How to Optimize the MCU SPI Driver to Reach High Speed ADC Throughput

Abstract

With the advancement of technology, the transmission of more precise data is needed in low power Internet of Things (IoT) and edge/cloud computing. In Figure 1, the wireless sensing system is a high precision data acquisition system with a 24-bit analog-to-digital converter (ADC). In this case, whether the microcontroller unit (MCU) can afford the serial high speed interface of the data converter is our problem.

This article describes the process of designing a high speed Serial Peripheral Interface (SPI) data transaction driver between the MCU and ADC. The following sections will show a brief description of different ways to optimize the SPI driver and the required configuration on the ADC and MCU. A detailed description of the example code of the SPI and direct memory access (DMA) data transaction will be provided after the brief illustration. Finally, a demonstration of the throughput of ADC with the same driver in a different MCU (ADuCM4050, MAX32660) will be included.

Introduction

Introduction to General SPI Driver

As the name suggests, MCU vendors provide general SPI driver/API in example code to each MCU. The general SPI driver/API usually can cover most users’ applications that may conclude many configurations or determine statements. In some specific scenarios, such as ADC data acquisition, the general SPI driver cannot satisfy the full speed throughput of the ADC data because too many different configurations in the general driver are implemented. The configurations that are not used in the application create additional overhead and cause a time delay.

Figure 2. Configuration of a general API.

Framework of the Thoughts and Practice

To extract the output data of an ADC through SPI, we would choose an MCU as the main device for its low power consumption and high speed performance. However, when a data transaction is based on the ADI SPI driver, the speed can degrade due to commands that are not functional in the ADC-to-MCU application. To fully unleash the potential speed of the ADC, we experiment with the ADuCM4050 and AD7768-1 and try out possible solutions. Despite the maximum output data rate of 256 kHz (under the default filter), the ADuCM4050 is currently limited to 8 kHz. Potential solutions for the acceleration of the output rate include removing unnecessary commands and activation of the DMA controller. These ideas are realized in the following sections.

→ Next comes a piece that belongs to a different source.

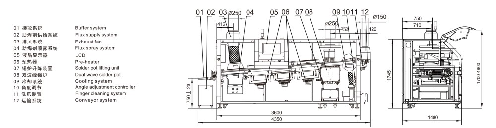 ●錫爐系統,內膽采用特殊材料,內表面防腐蝕處理。(新型噴口固定方式,便于裝卸;自動導流裝置,便于收集錫渣,波峰形狀可調節)錫爐溫度控制精度±2℃,錫爐進出、升降電動手動均可,操作方便。
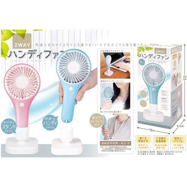 HAC 2WAYハンディーファン 電池・USB対応 ポータブル扇風機 HAC2138 (ピンク/ブルー)

Figure 3. Different ODRs and the relationship between DRDY and SCLK.

MCU as Main

The ADuCM4050 MCU is an ultra low power microcontroller system with a 26 MHz main clock rate. The system is driven by the Arm^® Cortex^®-M4F processor. The ADuCM4050 is equipped with three SPIs, and each SPI incorporates two DMA channels, receive and transmit, that interface with the DMA controller. The DMA controller and DMA channels provide a means to transfer data between memory and peripherals. This is an efficient way to distribute data freeing up the core to handle other tasks.

ADC as Node

The AD7768-1 is a 24-bit, low power, high performance, sigma-delta (Σ-Δ) ADC. The output data rate (ODR) and power dissipation mode are adjustable to meet the users’ requirements. The decimation factor and power mode together determine the ODR as shown in Table 1.

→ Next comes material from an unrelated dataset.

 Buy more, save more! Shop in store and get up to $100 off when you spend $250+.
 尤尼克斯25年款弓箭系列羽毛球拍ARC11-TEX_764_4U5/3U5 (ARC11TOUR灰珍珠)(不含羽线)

Table 1. Power Mode Configuration for Output Data Rate
Power Mode	Decimation	ODR
Fast (MCLK/2)	×32	256 kHz
Fast (MCLK/2)	×64	128 kHz
Median (MCLK/4)	×32	128 kHz
Median (MCLK/4)	×64	64 kHz
Low Power (MCLK/16)	×32	32 kHz
Low Power (MCLK/16)	×64	16 kHz

The AD7768-1’s continuous read mode is also a significant feature. The output data of the ADC is stored in the register 0x6C. In general, the data in ADC register requires address specification before each read/write operation. Continuous read mode enables direct derivation of data from the 0x6C register after each data ready signal. The ADC output data is a 24-bit digital signal that converts to volts as shown in Table 2.

Table 2. Output Codes and Ideal Input Voltage
Description	Analog Input	Digital Output Code
+Full Swing –1 LSB	+4.095999512 V	0x7FFFFF
Midscale +1 LSB	+488 nV	0x000001
Midscale	0 V	0x000000
Midscale –1 LSB	–488 nV	0xFFFFFF
–Full Swing –1 LSB	–4.095999512 V	0x800001
–Full Swing	+4.096 V	0x800000

Connection Diagram of Data Flow

The ADuCM4050 and AD7768-1 are used as the data transaction example models. The pin connection is shown in Figure 4.

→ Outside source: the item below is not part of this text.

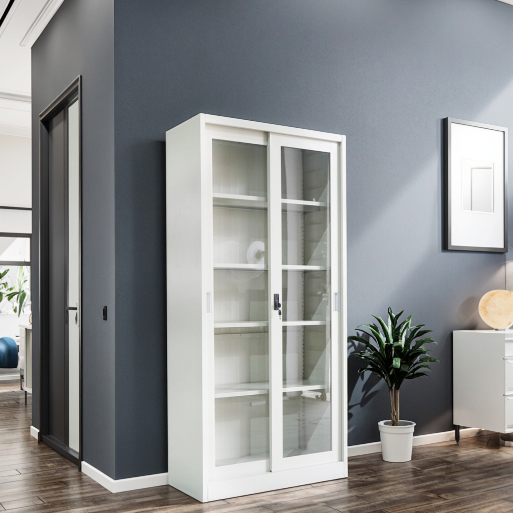 Full Glass Metal Filing Cabinet – Modern & Secure Office Storage

Their reset signal is sent from the MCU GPIO28 to the ADC RST_1 pin, and the data ready signal is sent from the ADC DRDY_1 to the MCU GPIO27. The rest of the pins are connected as a general SPI configuration, where the MCU is the main and ADC is the node. SDI_1 receives the ADC register read/write commands from the MCU, and DOUT_1 sends the output data to the MCU.

Figure 4. An interface pin connection for the AD7768-1 and the ADuCM4050.

Realization of Data Transaction

Interrupt Data Transaction

To realize the continuous data transaction, we use the GPIO27 (connected to DRDY) as the interrupt trigger. When the ADC sends a data ready signal to the GPIO27, the MCU runs the callback function, where data transaction commands are included. As shown in Figure 5, data acquisition must be handled in the interval between Interrupt A and Interrupt B.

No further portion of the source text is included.